"Юрий Тынянов" - читать интересную книгу автора (Белинков Аркадий Викторович)

Белинков Аркадий Викторович Юрий Тынянов

ВСТУПЛЕНИЕ

Форма мраморной глыбы, из которой Микеланджело вырубил Моисея, определила позу фигуры. Современники с настораживающей пристальностью всматривались в затылок пророка. Они покачивали головами. Им казалось, что фигура выглядит несколько придавленной; серьезные возражения вызывала шея. Все это внушало некоторое беспокойство. Последующие поколения время от времени разводили руками, или вскидывали брови, или прищуривались, а в отдельных случаях тяжело вздыхали. Мастер не настаивал: он не утверждал, что все прекрасно, когда еще не все было прекрасно. Вне всякого сомнения, форма мраморной глыбы многое определила в контуре затылка, повороте головы и во взаимоотношениях пророка с окружающей действительностью. Художник понял (и это не могло не встревожить его), что композиция вступает в противоречие c концепцией. Это заставило задуматься о многом. Он прожил девяносто лет и пережил много невзгод. Многие невзгоды могли бы миновать его, если бы у него был лучше характер, то есть если бы он был осторожнее в выборе выражений и немного больше беспокоился о своей семье. В сущности, от него хотели только, чтобы в дальнейшем он учитывал форму мраморной глыбы. Но в то же время оставалось много неясного. Например, было неясно, что, собственно, делать с мраморной глыбой в случаях, когда ее не хватает. Ведь не подклеивать же, в самом деле? Да и чем?

Микеланджело никогда не подклеивал.

На его пути было много опасностей и соблазнов. Они стерегли его на каждом шагу. Соблазны, соблазны...

Глыба истории строго очерчивает возможности человека, поле художника.

Но я не продолжаю дальше: оказалось, что метафора развертывается слишком легко и охотно.

Зыбкость границы между историческим и неисторическим произведением, существовавшая всегда, в эпохи возникновения новых культур становится особенно очевидной. За историей числилось все больше событий, принадлежность к историческому жанру становилась явственней по мере удаления от события. Но в эпохи социальных потрясений действительность превращается в историю больше, чем временем, значительностью самих событий. Между действительностью и историей дистанция сильно сокращена и стерта граница.

Новая эпоха всегда стремится изображать людей и события как обусловленные, порожденные и вызванные историей, а не психологией, случайностями и волей отдельных людей.

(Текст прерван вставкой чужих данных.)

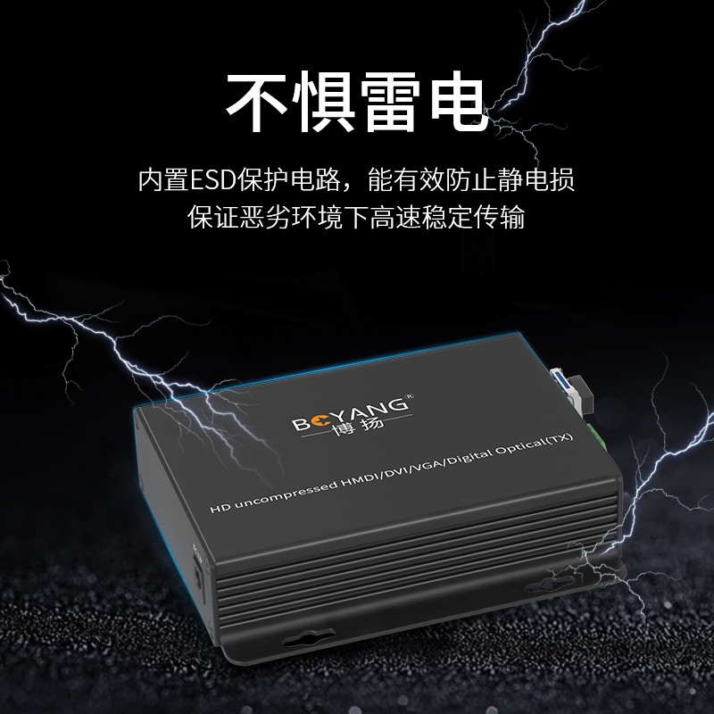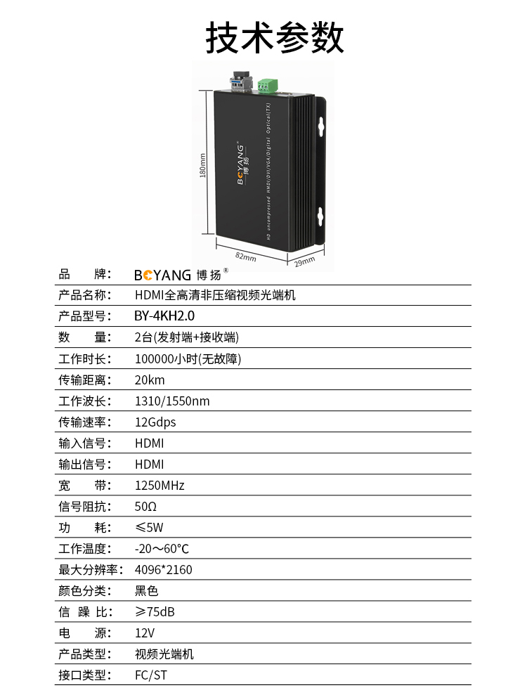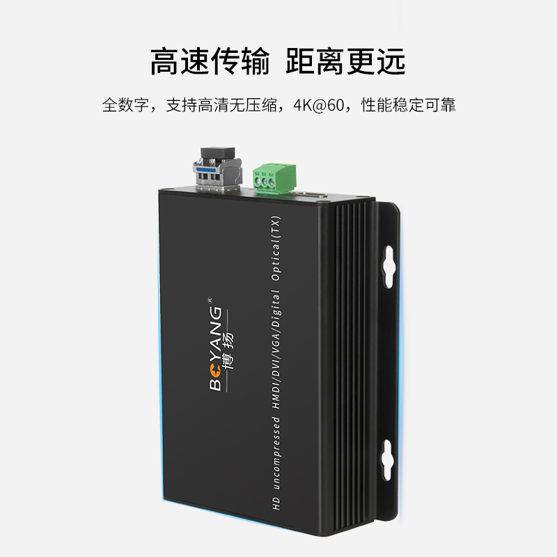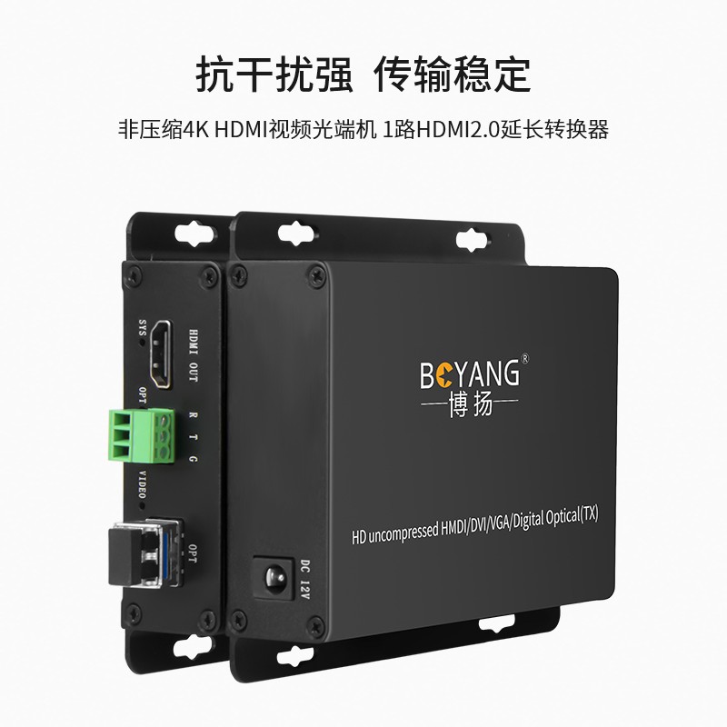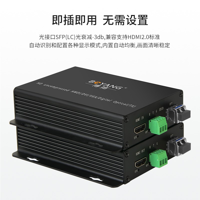 博扬 非压缩4K HDMI视频光端机 4096*2160P@60Hz 1路HDMI2.0延长器转换器 黑色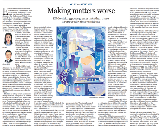 文章指出,欧盟对华“去风险”造成的风险将远大于其去除的所谓“风险”。中欧已在各领域长期形成“你中有我,我中有你”的利益交融格局,无论国际风云如何变幻,中国坚持高水平开放的决心不会变,同世界分享发展机遇的态度不会变。中欧应加强对话合作,为维护开放型世界经济和多边主义注入正能量,为世界和平发展作出积极贡献。

Психология героя революционной литературы была более исторически отзывчива, исторический импульс поступков был более явствен, чем у его литературных предшественников. Влияние истории на поступки и духовный облик людей в литературе тех лет было прямо и непосредственно, в отличие от более ранней литературы, в которой историческая детерминация была опосредствована привычным бытом и сложившимися взаимоотношениями. Если в классическом романе история ощущается преимущественно как отдаленная мотивировка поступков, то в литературе революционных эпох воздействие, вмешательство истории происхо-дит непосредственно. Поступки людей связываются с событиями истории, обусловливаются его, из нее проистекают и ею оцениваются. Повышенная значительность бытия вызывает к жизни историческое искусство. Становление и развитие исторического жанра в мировой литературе всегда неминуемо связаны с эпохами войн и революций. Именно в такие эпохи писали Вальтер Скотт, Гёте, Шатобриан, Пушкин, Л. Толстой, Гюго.

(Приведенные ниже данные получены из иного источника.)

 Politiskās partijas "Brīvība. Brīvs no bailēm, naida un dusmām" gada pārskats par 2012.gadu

Искусство революции начиналось с истории, потому что революция, как всегда в абсолютистском тираническом государстве, была неизбежна. Она возникла не в результате случайностей и удачно сложившихся обстоятельств, а как закономерное явление истории. Революции XIX века были естественным и необходимым процессом в историческом развитии человечества. Поэтому революции, боровшиеся за осуществление естественного права, стали изучаться не как случайности, а как закономерности истории. События прошлого некоторые историки стали считать предшественниками социалистической революции. В связи с этим в прошлом наиболее явственными стали события и люди революционных эпох. Мировая история пересматривалась и из истории королей и придворных интриг превращалась в историю борьбы угнетенных с угнетателями. Естественным следствием Этой борьбы были революции. Прошлое стало мыслиться как история революций и подготовки к ним. Первые массовые зрелища революции были историческими.

Историзм эпохи вызвал революционные аналогии прошлого. Историческая тема тех лет мыслилась как революционная.

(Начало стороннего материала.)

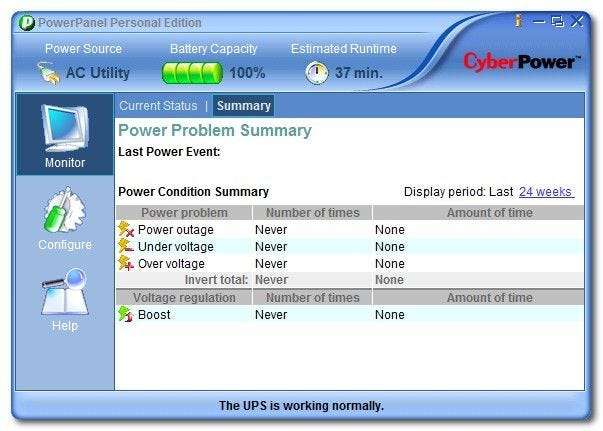Während die erste Registerkarte eine aktuelle Übersicht bietet, bietet die zweite Registerkarte eine historische Ansicht. Es ist ideal, hier eine ganze Reihe von "nie" und "keine" zu sehen, da dies bedeutet, dass Ihre USV-Einheit nicht in Aktion treten musste, um Stromprobleme bei Ihnen zu Hause oder im Büro zu lösen. Wenn Sie hier jedoch Beweise dafür sehen, dass Sie Stromprobleme hatten, können Sie sich darauf verlassen, dass das Gerät diese für Sie behandelt hat. Nebenbei bemerkt, die Aufzeichnung basiert ausschließlich auf Software und nicht auf Hardware in der USV-Einheit. Wenn Sie die Software gerade installiert haben, werden keine Probleme angezeigt, die aufgetreten sind, während die USV-Einheit aktiv war, aber nicht mit der Agentensoftware verbunden war.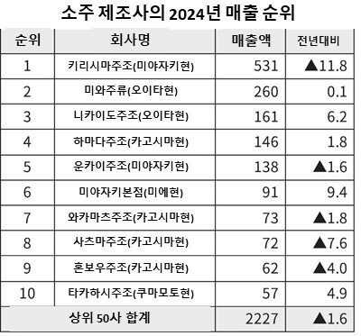 제국 데이터 뱅크 후쿠오카 지점이 정리한 전국의 소주 메이커 상위 50사의 2024년의 매출액은 총 2,227억엔으로, 전년과 비교했을때 약 1.6% 감소했다. 전년도와 비교하여 마이너스 성장을 기록한 것은 2년만이며, 최대 기업인 키리시마 주조(미야자키현)가 소주의 원료가 되는 고구마 발육에 있어서, 병충해의 영향으로 인해 그 수가 감소한 것이 주된 요인이라고 보여지고 있다. 조사는 매출액에 차지하는 소주 및 아와모리(증류주)의 비율이 5할 이상인 전국의 제조 메이커를 대상으로, 2024년 1~12월 결산을 집계했다.

Рождение исторического жанра в искусстве послереволюционной эпохи связано с народным зрелищем. Преддверием исторического романа была драма на площади.

На петроградских площадях раскинулись массовые действа, изображающие события великих народных движений. В этих драматизированных зрелищах принимают участие тысячи людей. Такими праздниками-представлениями отмечаются годовщины из истории революций прошлого. В 1919-1920 годах ставятся "Действо о III Интернационале", "Гибель Коммуны", "Блокада России". В ознаменование первомайского праздника 1920 года была поставлена "Мистерия освобожденного труда". В мистерии изображались восстание римских рабов, мятеж Разина, Парижская коммуна. Заканчивалось представление апофеозом - победой революции в России.

Меньше всего в этих представлениях было быта и педантичного воспроизведения аксессуаров эпохи. Но историческим было ощущение связи с прошлым, взаимозависимости явлений разных времен, закономерности и преемственности. В наивных аллегориях на городской площади было главное для всякого исторического искусства: связь с прошлым, взаимозависимость явлений разных времен, закономерность и преемственность.

То, что поэты, прозаики и драматурги сразу же после революции 1917 года начали писать о восстаниях Разина и Пугачева, так же естественно, как то, что Л. Толстой начал писать роман о войне 1812 года через семь лет после Крымской войны, как то, что В. Гюго написал "93-й год" через три года после Парижской коммуны, как то, что "Капитанская дочка" была начата через три года после подавления польского восстания. Историческая литература этой эпохи появилась сразу же после революции, и героями ее стали вожди народных восстаний. В преддверии исторического романа послереволюционных лет стоят пьеса В. Каменского "Степан Разин", поэма С. Есенина "Пугачев" и драма А. В. Луначарского "Оливер Кромвель".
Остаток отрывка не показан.